Still, Birmingham considers herself to be luckier than some. Her English cider varieties are late blooming, and those that survived, she described as spectacular. “All of that drought intensified the flavors, because a lot of these trees, they’re sort of the wine grapes of apples so they’re high in tannins; they’re high in acids and complex flavors and that complexity really came through because the apples didn’t have a lot of water to dilute any of that down,’ Birmingham says.

Yet, Birmingham is far from hitting her target.

“We have over a thousand in the tree nursery that we’ll plant out this year and next year and every year planting out more and we have a thousand on order, and I’ll be grafting again in March, just keep it going.
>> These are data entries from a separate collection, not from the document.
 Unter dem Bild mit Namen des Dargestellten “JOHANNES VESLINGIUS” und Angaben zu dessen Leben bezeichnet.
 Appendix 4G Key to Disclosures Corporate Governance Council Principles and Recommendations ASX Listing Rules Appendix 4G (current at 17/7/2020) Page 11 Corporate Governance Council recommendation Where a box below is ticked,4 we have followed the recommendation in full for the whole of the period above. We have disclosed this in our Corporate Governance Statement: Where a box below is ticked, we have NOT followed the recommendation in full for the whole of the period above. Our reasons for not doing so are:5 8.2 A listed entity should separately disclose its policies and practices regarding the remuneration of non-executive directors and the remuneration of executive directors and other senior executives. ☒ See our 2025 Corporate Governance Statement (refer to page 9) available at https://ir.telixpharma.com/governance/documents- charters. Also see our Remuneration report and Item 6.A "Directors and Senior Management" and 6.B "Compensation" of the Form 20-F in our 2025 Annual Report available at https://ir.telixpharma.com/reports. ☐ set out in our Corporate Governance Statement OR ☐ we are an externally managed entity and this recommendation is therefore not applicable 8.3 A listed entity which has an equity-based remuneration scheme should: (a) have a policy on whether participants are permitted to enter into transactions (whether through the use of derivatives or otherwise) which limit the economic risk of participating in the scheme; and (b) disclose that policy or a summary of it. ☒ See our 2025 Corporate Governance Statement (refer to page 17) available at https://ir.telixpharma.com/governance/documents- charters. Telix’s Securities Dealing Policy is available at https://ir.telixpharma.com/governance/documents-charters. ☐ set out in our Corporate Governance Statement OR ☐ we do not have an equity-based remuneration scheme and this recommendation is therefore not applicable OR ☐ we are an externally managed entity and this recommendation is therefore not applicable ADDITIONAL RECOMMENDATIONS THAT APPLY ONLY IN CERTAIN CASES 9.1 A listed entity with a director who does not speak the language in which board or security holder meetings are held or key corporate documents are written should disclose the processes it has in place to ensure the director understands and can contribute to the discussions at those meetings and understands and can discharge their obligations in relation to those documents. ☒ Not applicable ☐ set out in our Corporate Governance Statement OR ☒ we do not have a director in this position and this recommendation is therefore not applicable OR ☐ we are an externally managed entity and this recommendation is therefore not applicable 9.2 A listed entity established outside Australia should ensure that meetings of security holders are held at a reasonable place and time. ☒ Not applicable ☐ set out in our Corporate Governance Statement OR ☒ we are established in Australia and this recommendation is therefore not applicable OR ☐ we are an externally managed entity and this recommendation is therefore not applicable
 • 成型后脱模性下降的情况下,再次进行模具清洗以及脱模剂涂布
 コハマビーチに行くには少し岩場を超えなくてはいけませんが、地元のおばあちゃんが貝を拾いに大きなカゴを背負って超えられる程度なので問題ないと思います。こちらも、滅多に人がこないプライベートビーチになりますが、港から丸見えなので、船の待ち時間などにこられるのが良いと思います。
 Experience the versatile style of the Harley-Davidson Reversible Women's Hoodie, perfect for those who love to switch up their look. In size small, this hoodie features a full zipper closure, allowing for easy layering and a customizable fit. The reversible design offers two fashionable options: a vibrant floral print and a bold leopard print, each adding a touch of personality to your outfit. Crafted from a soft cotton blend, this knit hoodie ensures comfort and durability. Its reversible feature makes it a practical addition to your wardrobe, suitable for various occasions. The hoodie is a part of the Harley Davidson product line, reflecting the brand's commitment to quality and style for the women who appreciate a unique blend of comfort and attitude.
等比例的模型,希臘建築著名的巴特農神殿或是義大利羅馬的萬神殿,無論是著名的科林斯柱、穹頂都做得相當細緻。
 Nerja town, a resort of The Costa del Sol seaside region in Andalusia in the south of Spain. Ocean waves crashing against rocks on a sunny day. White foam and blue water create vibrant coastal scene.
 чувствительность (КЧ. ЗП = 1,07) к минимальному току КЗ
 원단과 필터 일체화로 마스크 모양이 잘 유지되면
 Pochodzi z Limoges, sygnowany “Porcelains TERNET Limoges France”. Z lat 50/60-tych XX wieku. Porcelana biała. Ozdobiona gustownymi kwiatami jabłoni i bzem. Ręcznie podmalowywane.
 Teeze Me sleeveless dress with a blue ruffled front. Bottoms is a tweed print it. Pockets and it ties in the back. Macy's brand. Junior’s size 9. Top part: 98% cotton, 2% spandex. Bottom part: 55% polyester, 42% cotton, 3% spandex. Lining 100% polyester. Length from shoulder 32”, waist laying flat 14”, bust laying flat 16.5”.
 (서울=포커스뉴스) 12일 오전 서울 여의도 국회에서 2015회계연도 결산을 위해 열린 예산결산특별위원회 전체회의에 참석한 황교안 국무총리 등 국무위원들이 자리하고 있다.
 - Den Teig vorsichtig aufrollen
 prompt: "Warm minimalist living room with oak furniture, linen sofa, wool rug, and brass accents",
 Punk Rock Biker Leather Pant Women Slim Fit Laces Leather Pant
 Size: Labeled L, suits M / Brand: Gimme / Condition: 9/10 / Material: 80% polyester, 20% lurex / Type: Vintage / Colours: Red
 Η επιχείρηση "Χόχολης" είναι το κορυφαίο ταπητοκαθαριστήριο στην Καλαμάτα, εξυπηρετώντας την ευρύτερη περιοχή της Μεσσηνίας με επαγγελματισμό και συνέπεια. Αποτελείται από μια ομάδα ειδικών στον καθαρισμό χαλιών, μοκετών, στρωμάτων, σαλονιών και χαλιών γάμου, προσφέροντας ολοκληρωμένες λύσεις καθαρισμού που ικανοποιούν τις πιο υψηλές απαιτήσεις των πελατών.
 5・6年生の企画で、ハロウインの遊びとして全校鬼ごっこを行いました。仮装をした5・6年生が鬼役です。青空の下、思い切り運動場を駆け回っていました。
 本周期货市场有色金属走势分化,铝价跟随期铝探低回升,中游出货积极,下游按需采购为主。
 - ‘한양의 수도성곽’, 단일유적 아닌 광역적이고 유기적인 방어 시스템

But we hope to have 7,000 to 8,000 trees,’ Birmingham says.

Birmingham and her husband began their married life wanting to run a farm-based business, understood the risks; but mind-bending climate challenges were not penciled on their checklist.

For instance, many orchards in Wisconsin never bothered with irrigation.

“We put in irrigation this year; we were having to tank water trees at the same time we were trying to get an irrigation system in to try to make up for the major water deficit; we were in the extreme drought category,’ Birmingham says.

Birmingham says, in addition to piping water to her fruit trees, she’s now considering planting baby trees later than tradition has dictated.

“Now we’re even considering planting trees in the fall next year out of our tree nursery if they’re ready which you just don’t do around here, but it seems the winters aren’t that cold; the ground isn’t frozen yet this year; it didn’t freeze last winter,’ Birmingham says.

Warming up inside the cozy trailer with a cup a tea, Birmingham says she’s exploring other ways to create a more resilient orchard.

That might include using a hoop house – a portable – yet sturdy – greenhouse – to protect her young “graftlings” from freezing, until they’re strong enough make it in the orchard.

“Then we can give them a really strong head start,’ Birmingham says.

Birmingham came to the apple business with a solid foundation – she earned a master’s in soil fertility in the 80s and serves on national and state research-oriented groups.

She says scientists have developed models for predicting insect and disease cycles, but when unexpected climate shifts hit....

“...we start getting into uncharted territories where the models start to break down because we’ve had more consistent weather patterns in the past and we don’t know how the extreme heat, for instance, will affect the pest or disease lifecycle,’ Birmingham says.

Birmingham says there are many good brains out there puzzling out these questions.

“And there could be answers out there, but we need to be digging with the research community to help us and identify what the researchable questions are they can do something about,’ Birmingham says.

Birmingham harbors zero expectations that weather in 2013 will be “normal.”

So she’s arming herself with education; right now slogging through a book on tree fruit physiology.

Susan is WUWM's environmental reporter.